• EXERCISE PROMPT: Give the listing again exactly, skipping any pictures it holds.

• DATA SEGMENT:

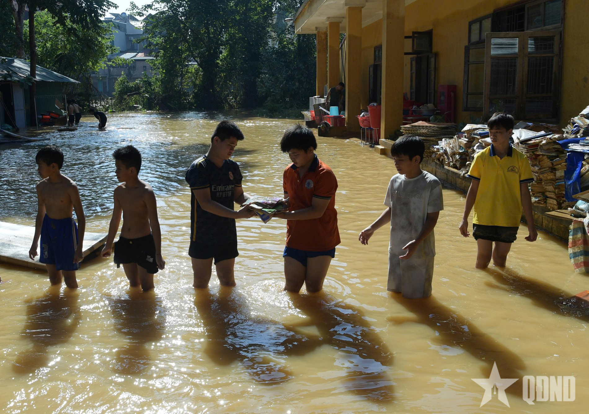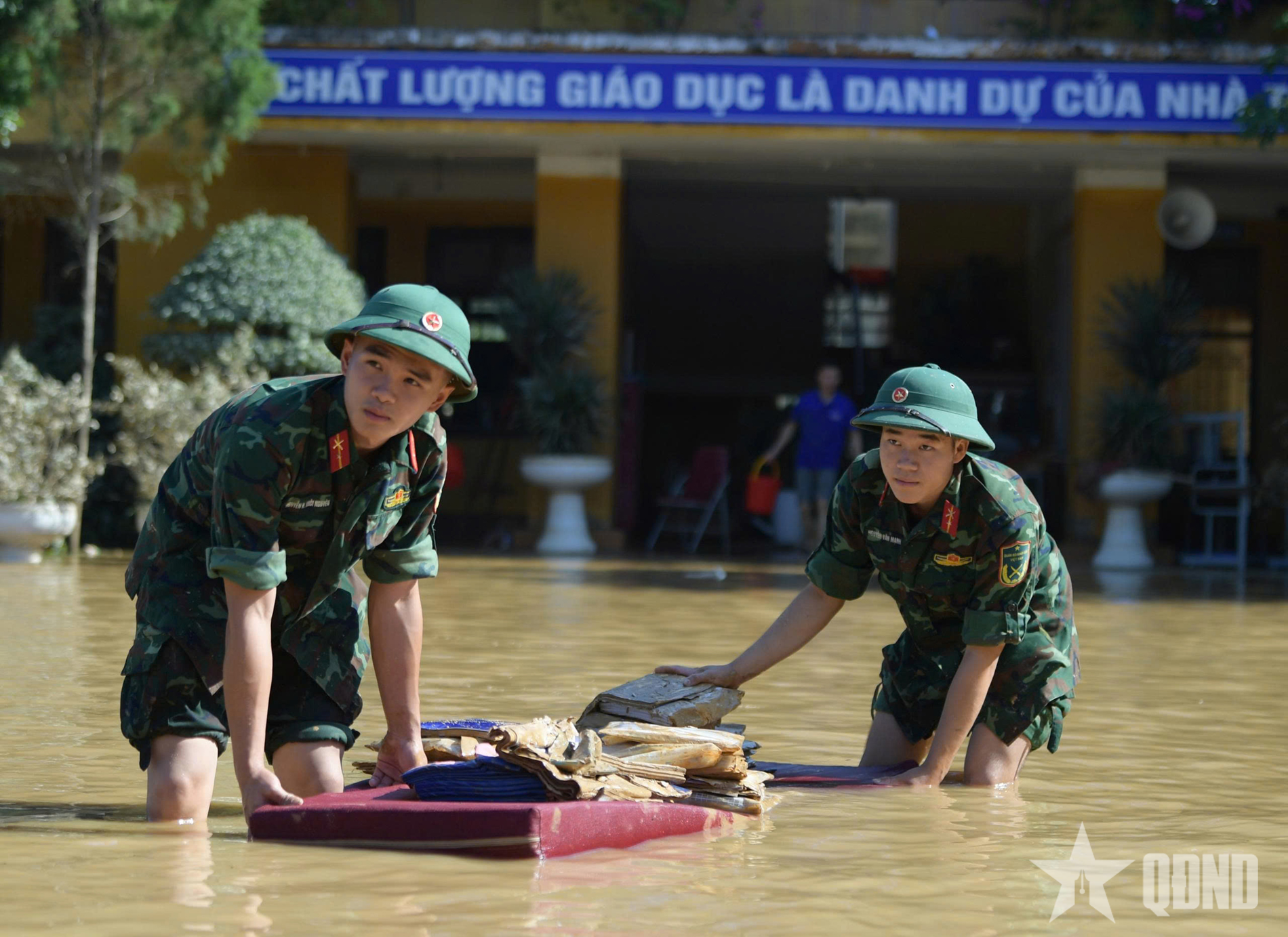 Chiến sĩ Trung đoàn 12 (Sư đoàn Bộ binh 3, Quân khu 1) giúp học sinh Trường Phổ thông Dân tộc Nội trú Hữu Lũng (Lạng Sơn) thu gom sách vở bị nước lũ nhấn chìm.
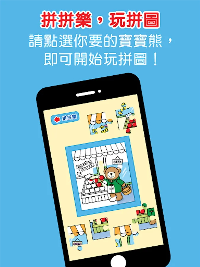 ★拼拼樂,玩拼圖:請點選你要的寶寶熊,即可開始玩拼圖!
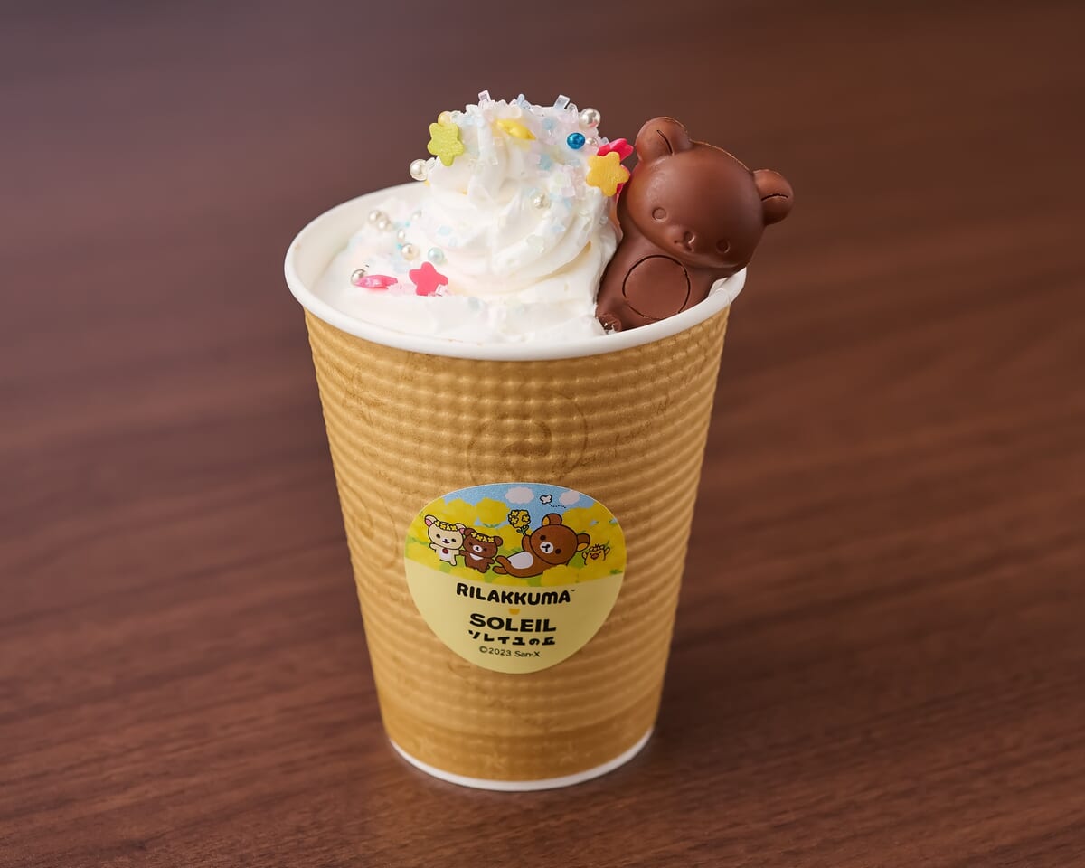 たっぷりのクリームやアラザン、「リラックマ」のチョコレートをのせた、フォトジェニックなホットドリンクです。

• EXERCISE RESPONSE:
 Chiến sĩ Trung đoàn 12 (Sư đoàn Bộ binh 3, Quân khu 1) giúp học sinh Trường Phổ thông Dân tộc Nội trú Hữu Lũng (Lạng Sơn) thu gom sách vở bị nước lũ nhấn chìm.
 ★拼拼樂,玩拼圖:請點選你要的寶寶熊,即可開始玩拼圖!
 たっぷりのクリームやアラザン、「リラックマ」のチョコレートをのせた、フォトジェニックなホットドリンクです。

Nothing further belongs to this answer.